# [PROBLEM STATEMENT]
After finding "Fashion-Exquisite 6-Prong Round-Cut" in the material below, output its line and every line after it through the last, exactly, but not the pictures.

# [DATASET CONTENT]
######
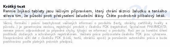 Rennie žvýkací tablety jsou léčivým přípravkem, který chrání sliznici žaludku a tenkého střeva tím, že působí proti překyselení žaludeční šťávy. Čtěte pozorně příbalový leták.
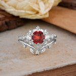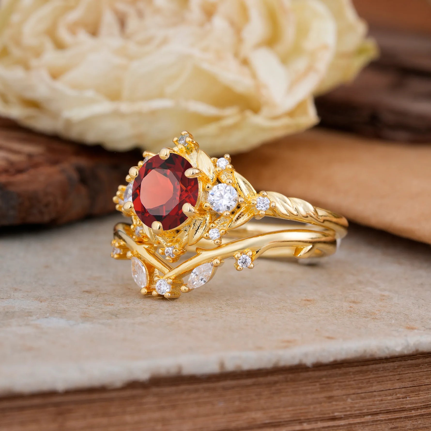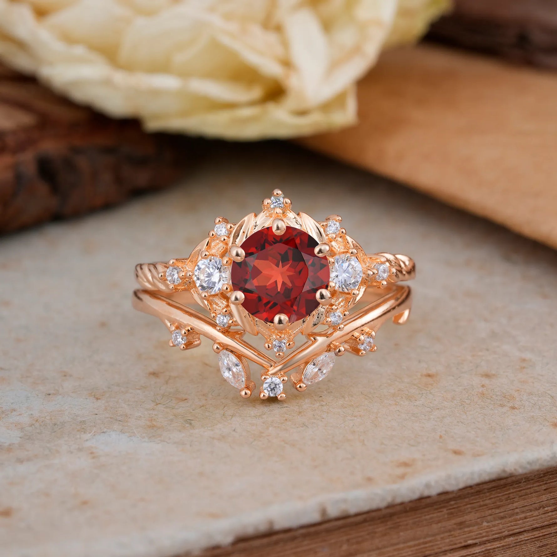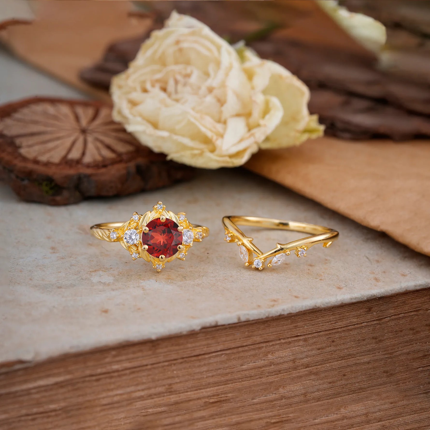 Fashion-Exquisite 6-Prong Round-Cut Natural Garnet Engagement Ring Set
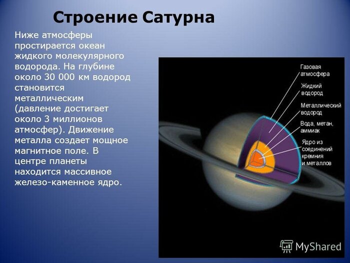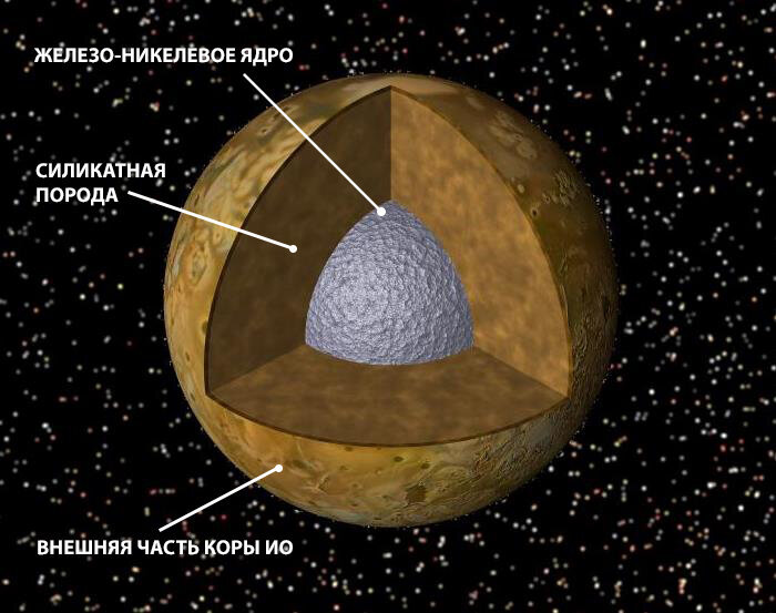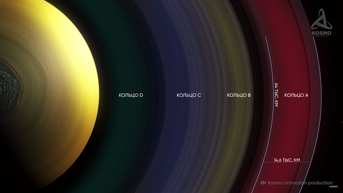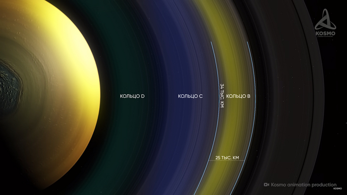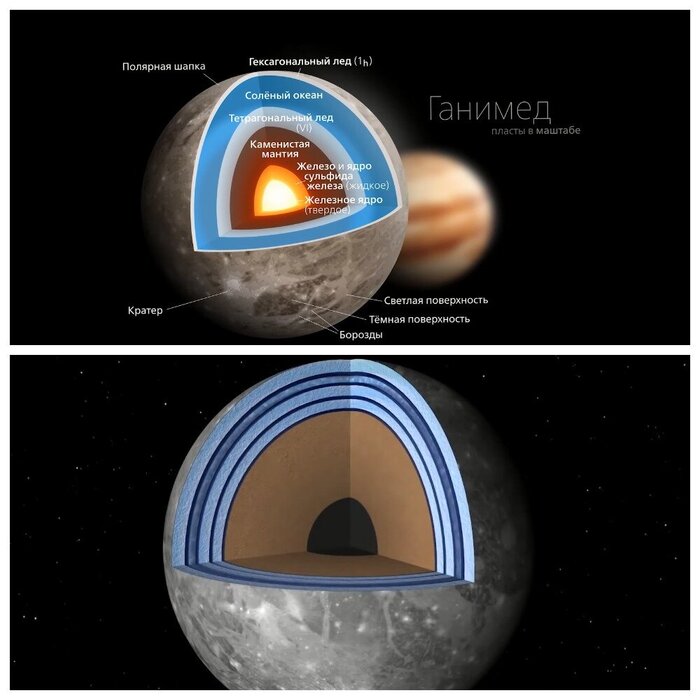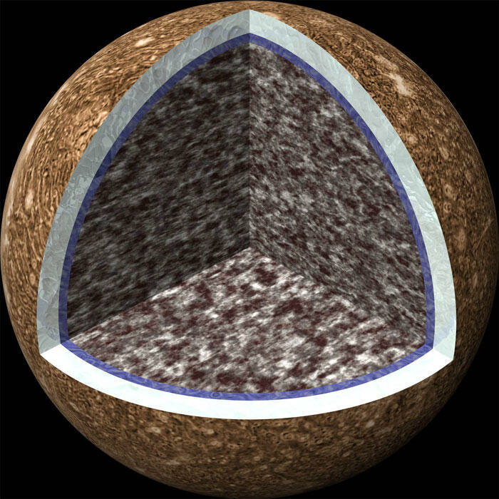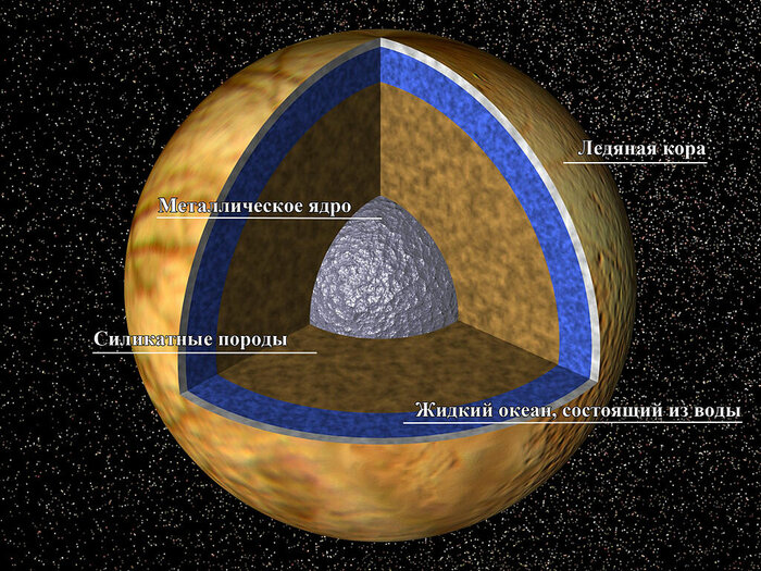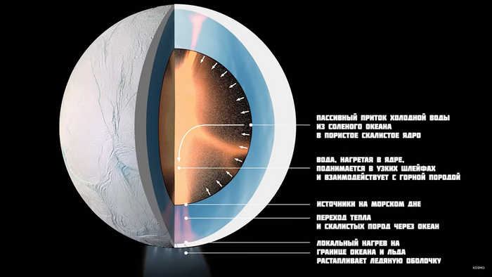 Внутреннее строение Энцелада: разогретое ядро, подледный океан и ледяная кора. Кадр с канала KOSMO.
######
# [COMPLETED EXERCISE]
 Fashion-Exquisite 6-Prong Round-Cut Natural Garnet Engagement Ring Set
 Внутреннее строение Энцелада: разогретое ядро, подледный океан и ледяная кора. Кадр с канала KOSMO.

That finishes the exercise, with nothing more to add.